To begin with both ‘Ares’ and ‘Mercury’ are ramped up into the types of electro monsters that get referred to as ‘bangers’. ‘Zephyrus’, ‘Talons’ and ‘Your Visits Are Getting Shorter’ on the other hand are simply turned into generic commercial dance music. This is particularly surprising, for ‘Talons’ as the man responsible is Paul ‘Phones’ Epworth who has previously supplied us all with THAT fantastic remix of ‘Banquet’ all those years ago. The worst offender on ‘Intimacy Remixed’ however comes in the form of Filthy Dukes’ version of ‘One Month Off’, taking what was an Intimacy highlight and turning it into an embarrassingly retro turd. It sounds like the sort of ‘rave’ music that the BBC had made for them to soundtrack programmes that were ‘down with the kids’ in the 1990’s.

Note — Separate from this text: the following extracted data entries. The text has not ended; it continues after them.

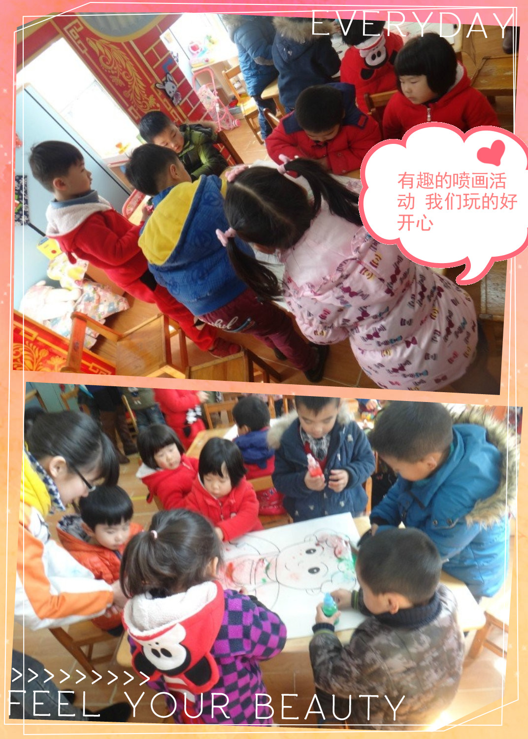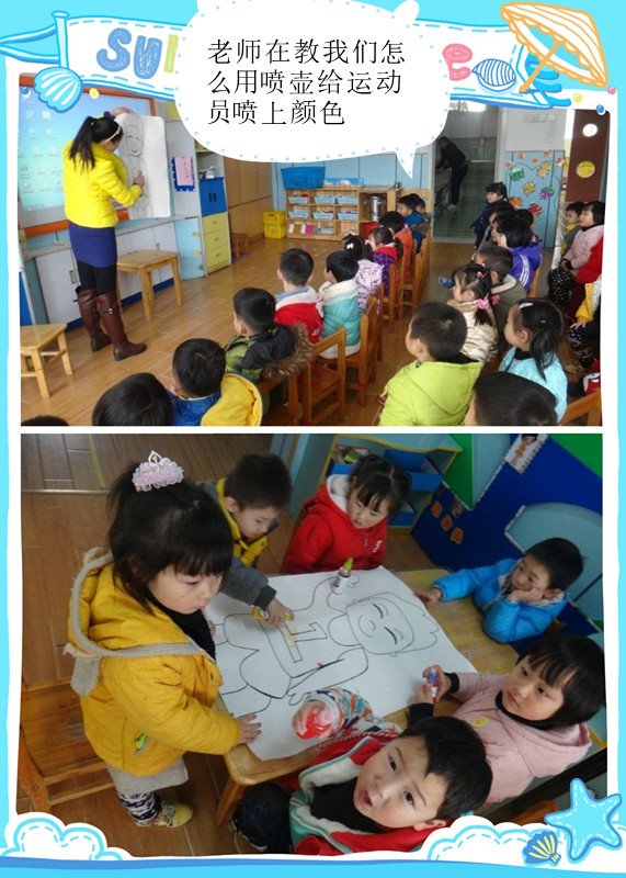 今天的美术活动是结合今年南京青奥会的主题,为运动员喷上好看的服装颜色。老师让宝宝们欣赏过一些运动员的服装和颜色后,还让宝宝们了解跟这个运动员有关的运动项目,扩展宝宝们的已有知识经验。第一次接触以喷画形式的玩色彩活动宝宝们都很感兴趣,下面让我们一起去看看宝宝们开心作画的样子吧!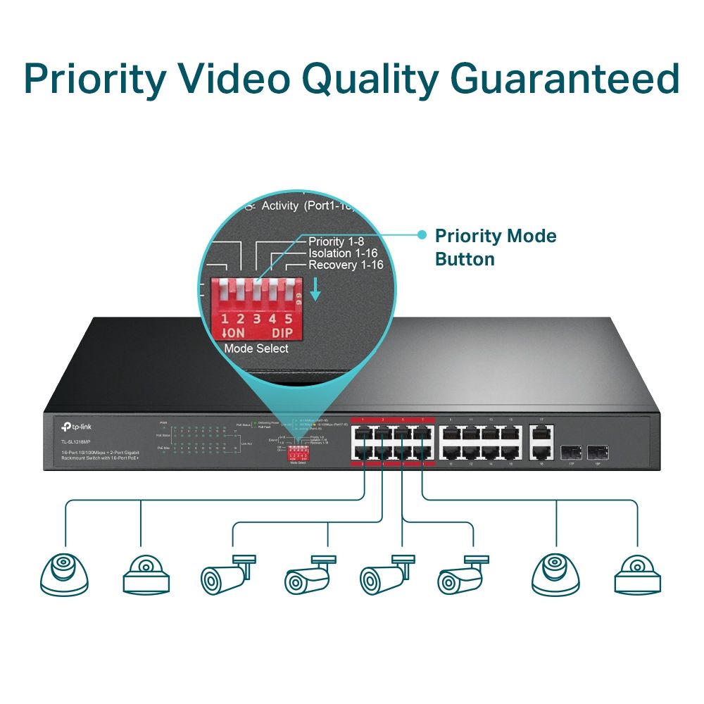 - Режим приоритезации в один клик выделяет порты 1–8, гарантируя стабильную и качественную передачу данных для критически важных приложений, таких как видеонаблюдение и системы безопасности.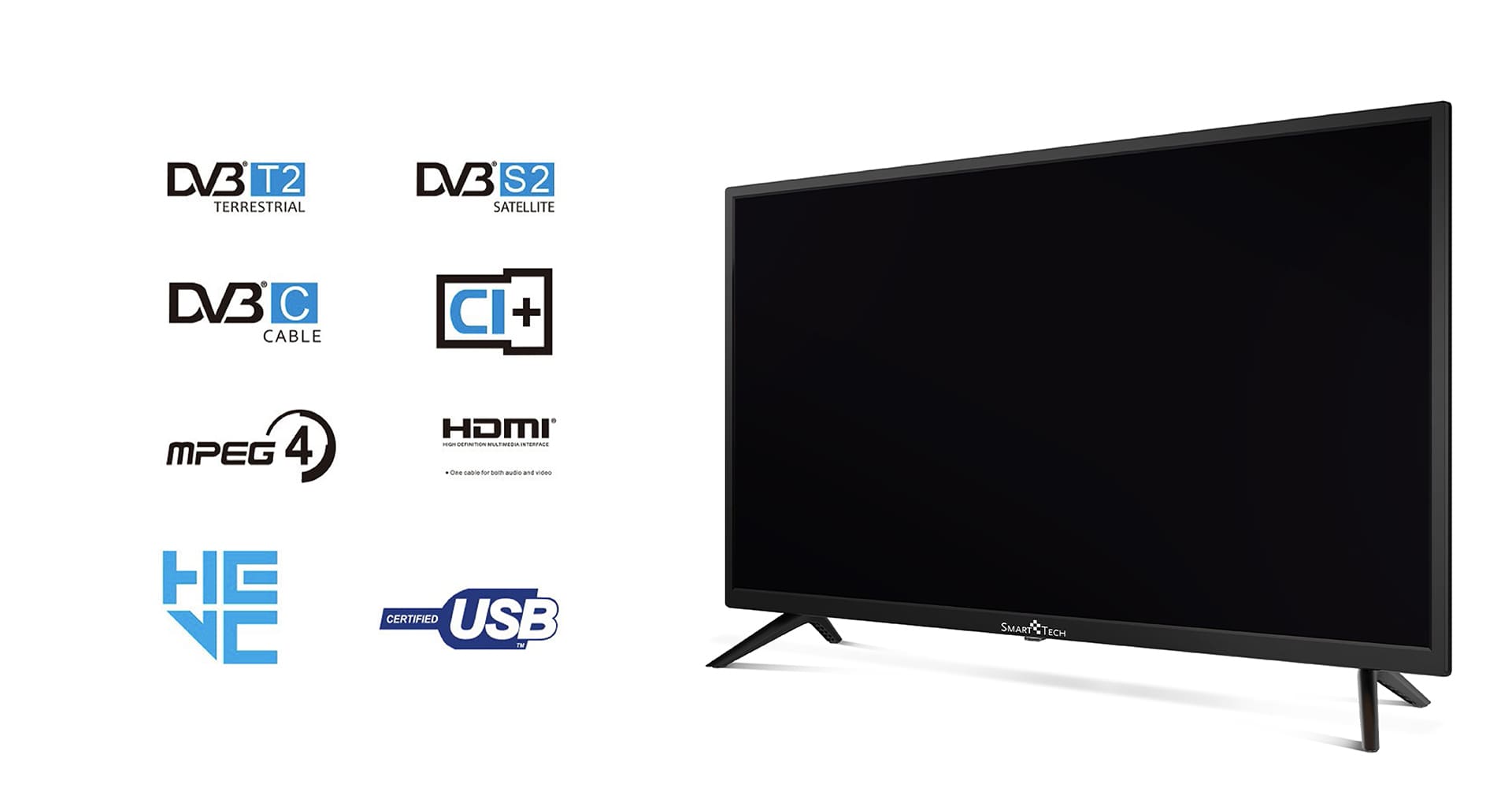 Vďaka kvalite obrazu s rozlíšením až 1366 × 768 zobrazujú televízory Smart Tech HD čistý a realistický obraz. Plynulý a jasný obraz uspokojí vaše najzákladnejšie potreby pri sledovaní filmov.
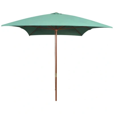 General description This elegant wooden garden parasol is perfect for creating shade and protecting you from the sun's harmful UV rays while enjoying time with family or friends on your patio or in the garden. It can be placed on your existing stand or in the center hole of a table and is designed for easy opening and closing. Technical specifications Cover colour: Green Frame material: Hardwood With 6 laminated bamboo ribs and hardwood stretchers Cover size: 200 x 300 cm (W x L) Pole diameter: 38 mm Height: 2.5 m With air vent Single pulley system Fabric: Polyester: 100% Other information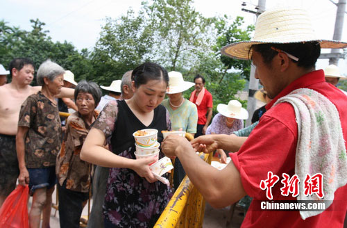 在肖溪鎮(zhèn)民國新街,盒飯供應(yīng)處也喂?jié)M了人,菜飯飄香。“我們這個安置點的災(zāi)民共有200多人,全部住在老百姓家里,吃飯由政府統(tǒng)一解決。還設(shè)立了開水集中供應(yīng)點,方便群眾解渴!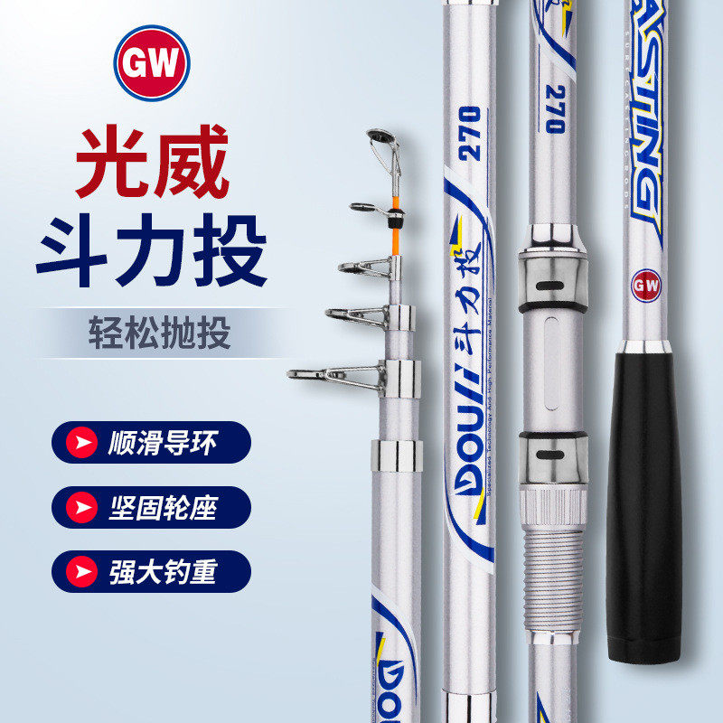 光威斗力投竿海竿套装超硬调钓鱼竿碳素超轻大物竿锚鱼银色远投竿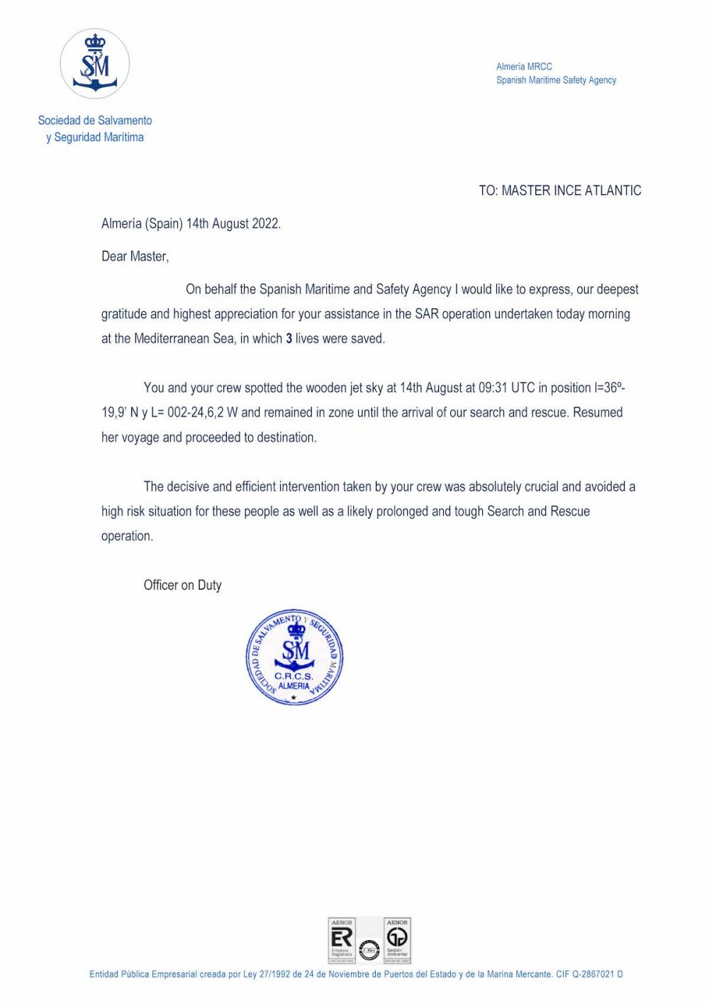 Akdeniz'de 3 kişinin hayatının kurtarıldığı Arama-Kutarma (SAR) operasyonunda İspanyol makamlarına destek olan İnce Atlantik gemisine İspanya'dan teşekkür geldi.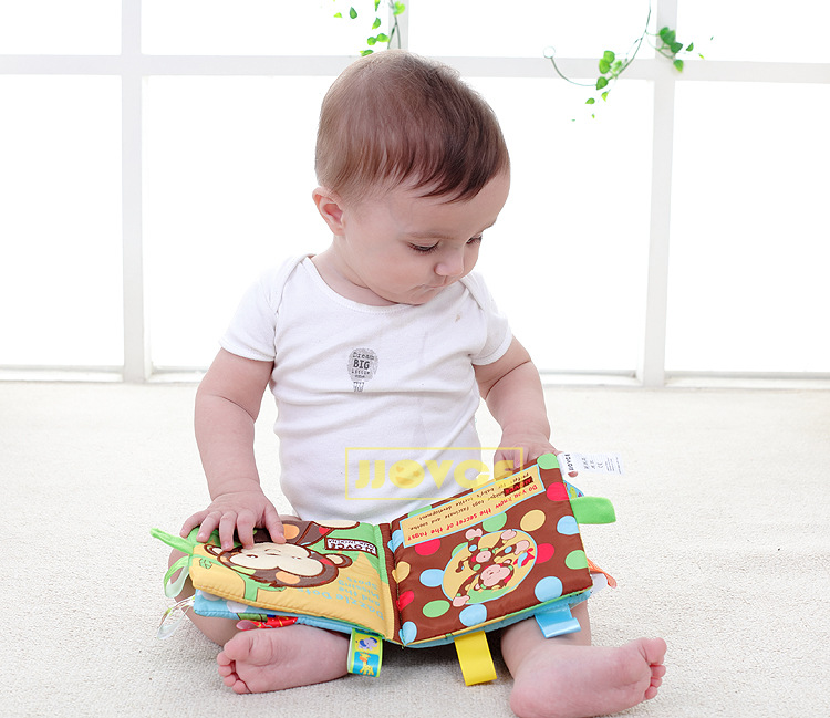 کتاب پارچه ای زیبای میمون با گلدوزی و بالهای برجسته از کتاب با تگ های رنگی جذاب مناسب کودکان زیر سه سال برای تقویت عضلات ظریف انگشتان دست.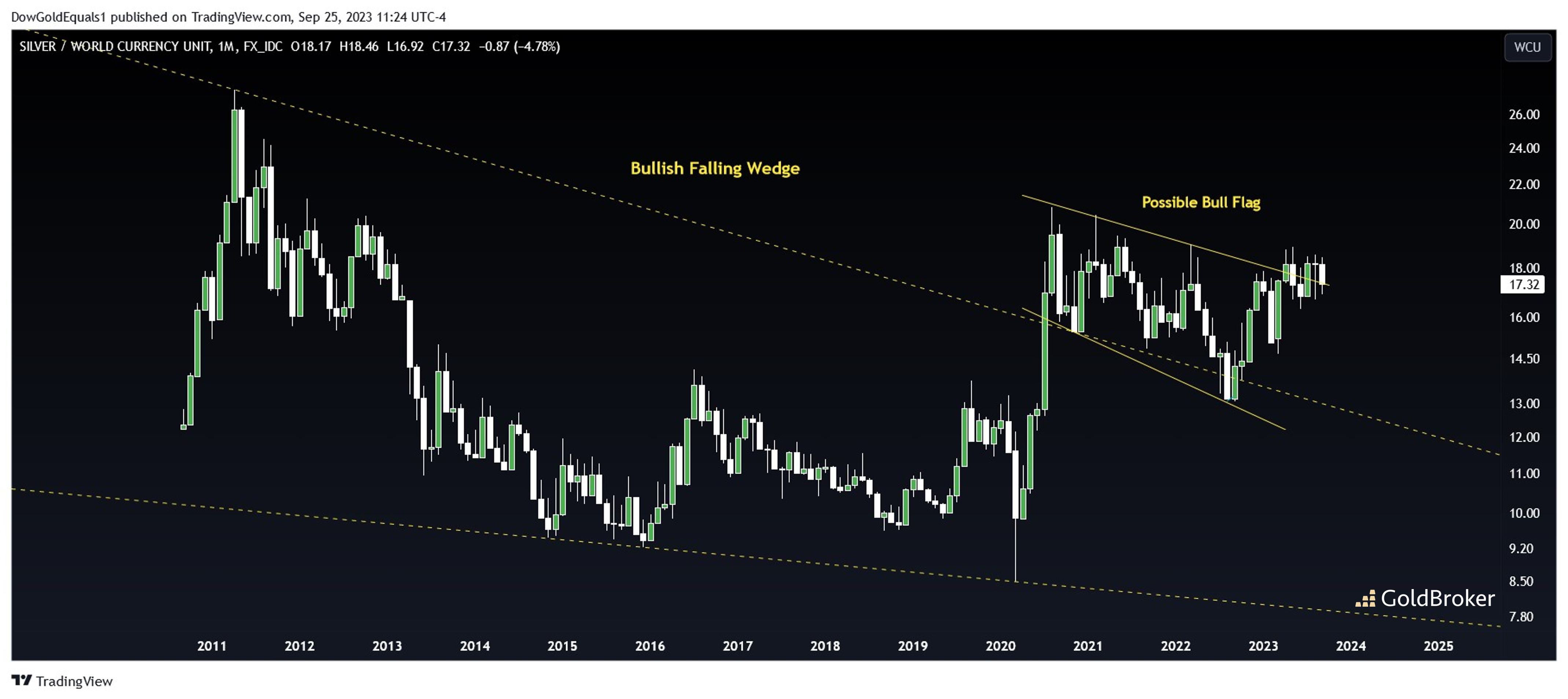 Silver/WCU looks particularly exciting, as price has now broken out of the bull flag we identified six months ago. More significantly, this bull flag breakout also represents a successful backtest of a huge bullish falling wedge. With this important breakout, we can reasonably expect an impulsive move higher over the next 12-24 months that would take price back toward its all time high set in 2011.

Obviously it’s not all bad. As we’d expect Mogwai and No Age do wonders with the tracks that they’ve been given (‘Biko’ and ‘Better Than Heaven’ respectively). The latter of these begins with a haunting tinkling piano before hitting full on with a noise that unsurprisingly sounds like the two bands meeting. The biggest surprise on ‘Intimacy Remixed’ however comes in the guise of Armand Van Helden’s remix of ‘Signs’. Now, Van Helden is a name that we’ve always associated with fairly terrible music, yet here he’s turned a Bloc Party song on it’s head, using a fair bit of the original yet turning it into a proper pop-dance thing, that uses all of the usual tricks of the genre (high pass filters etc) without actually getting annoying. The last remix that deserves mention is the Banjo Or Freakout mix of ‘Ion Square’ which is hazy and pretty with proggy keyboards and quiet vocals.
Overall, ‘Intimacy Remixed’ is more bad than good and we’re having trouble figuring out what the point of its release is (other than as a cash cow of course). As the remixes here take a more techno approach it’s more the sound that dance-heads would get pleasure from. Only we can’t see them shelling out for an album that’s got an ‘indie’ bands name to it. On the other hand there’s not really that much here for fans of ‘the Bloc Party sound’ as for a start Kele’s vocals are all but absent. Personally we prefer the approach taken on the ‘Silent Alarm’ remixes where the tracks were dismantled and re-crafted into something completely new but with the same reference points. Maybe it’s the choice of remixers or maybe it’s their source material, but overall we feel that ‘Intimacy Remixed’ is a little pointless and hardly an artistic triumph.